WHAT IS EXPECTED. What you return should match every record exactly, with the images removed.

EXTRACTED INFORMATION.
------------------------------------
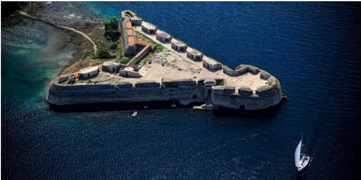
Slika 10. Utvrda sv. Nikole u Šibeniku

Pod ovim nazivom su okupljene utvrde koje su izgrađene od 16. do 17. stoljeća od strane Mletačke Republike te su služile za njezinu zaštitu od raznih neprijatelja koji su dolazili, kako s mora-Stato di Mare, tako i s kopna-Stato di Terra. Utvrde su pokrivale preko 1000 kilometara te su bile neophodne da bi štatile republiku, ali ujedno omogućile i njezino širenje na okolne prostore. Mletačka Republika je u razdoblju od 11. do 18. stoljeća bila jedna od najjačih sila te je s razvojem vojne tehnologije i uvođenjem baruta izgradnja fortifikacija prešla na novu razinu.
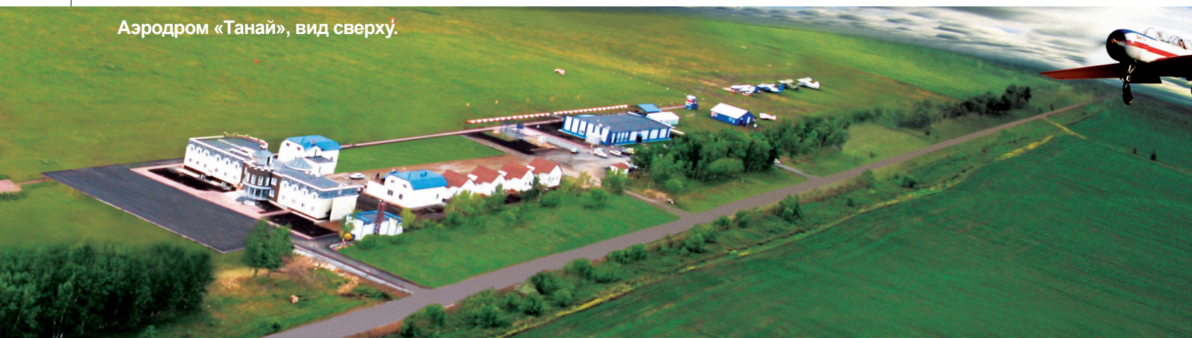
Аэродром «Танай», вид сверху.
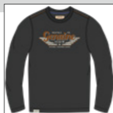
RF 15 black ID: 20994
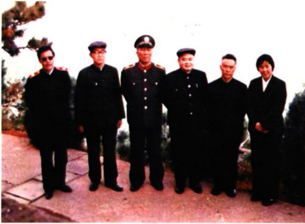
1986年11月最高法院林准副院长（右三）到大理视察法院工作
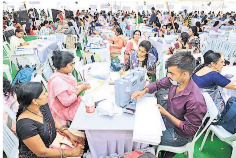
ఎన్నికల విధుల్లో పాల్గొనేందుకు చేపల్లెలోని డిస్ట్రిబ్యూషన్ సెంటర్ కు వచ్చిన ఉద్యోగులు

అధికారులను ఆదేశించారు. ఎలాంటి ఇబ్బందులు తలెత్తినా తమ దృష్టికి తేవాలని ఆర్.ఓలకు సూచించారు. కలెక్టర్ వెంట జిల్లా అదనపు కలెక్టర్ ప్రతిమా సింగ్, సహాయక రిటర్నింగ్ అధికారి సాయిరాం, సంబంధిత అధికారులు ఉన్నారు.
------------------------------------
TASK ANSWER.
Slika 10. Utvrda sv. Nikole u Šibeniku

Pod ovim nazivom su okupljene utvrde koje su izgrađene od 16. do 17. stoljeća od strane Mletačke Republike te su služile za njezinu zaštitu od raznih neprijatelja koji su dolazili, kako s mora-Stato di Mare, tako i s kopna-Stato di Terra. Utvrde su pokrivale preko 1000 kilometara te su bile neophodne da bi štatile republiku, ali ujedno omogućile i njezino širenje na okolne prostore. Mletačka Republika je u razdoblju od 11. do 18. stoljeća bila jedna od najjačih sila te je s razvojem vojne tehnologije i uvođenjem baruta izgradnja fortifikacija prešla na novu razinu.
Аэродром «Танай», вид сверху.
RF 15 black ID: 20994
1986年11月最高法院林准副院长（右三）到大理视察法院工作
ఎన్నికల విధుల్లో పాల్గొనేందుకు చేపల్లెలోని డిస్ట్రిబ్యూషన్ సెంటర్ కు వచ్చిన ఉద్యోగులు

అధికారులను ఆదేశించారు. ఎలాంటి ఇబ్బందులు తలెత్తినా తమ దృష్టికి తేవాలని ఆర్.ఓలకు సూచించారు. కలెక్టర్ వెంట జిల్లా అదనపు కలెక్టర్ ప్రతిమా సింగ్, సహాయక రిటర్నింగ్ అధికారి సాయిరాం, సంబంధిత అధికారులు ఉన్నారు.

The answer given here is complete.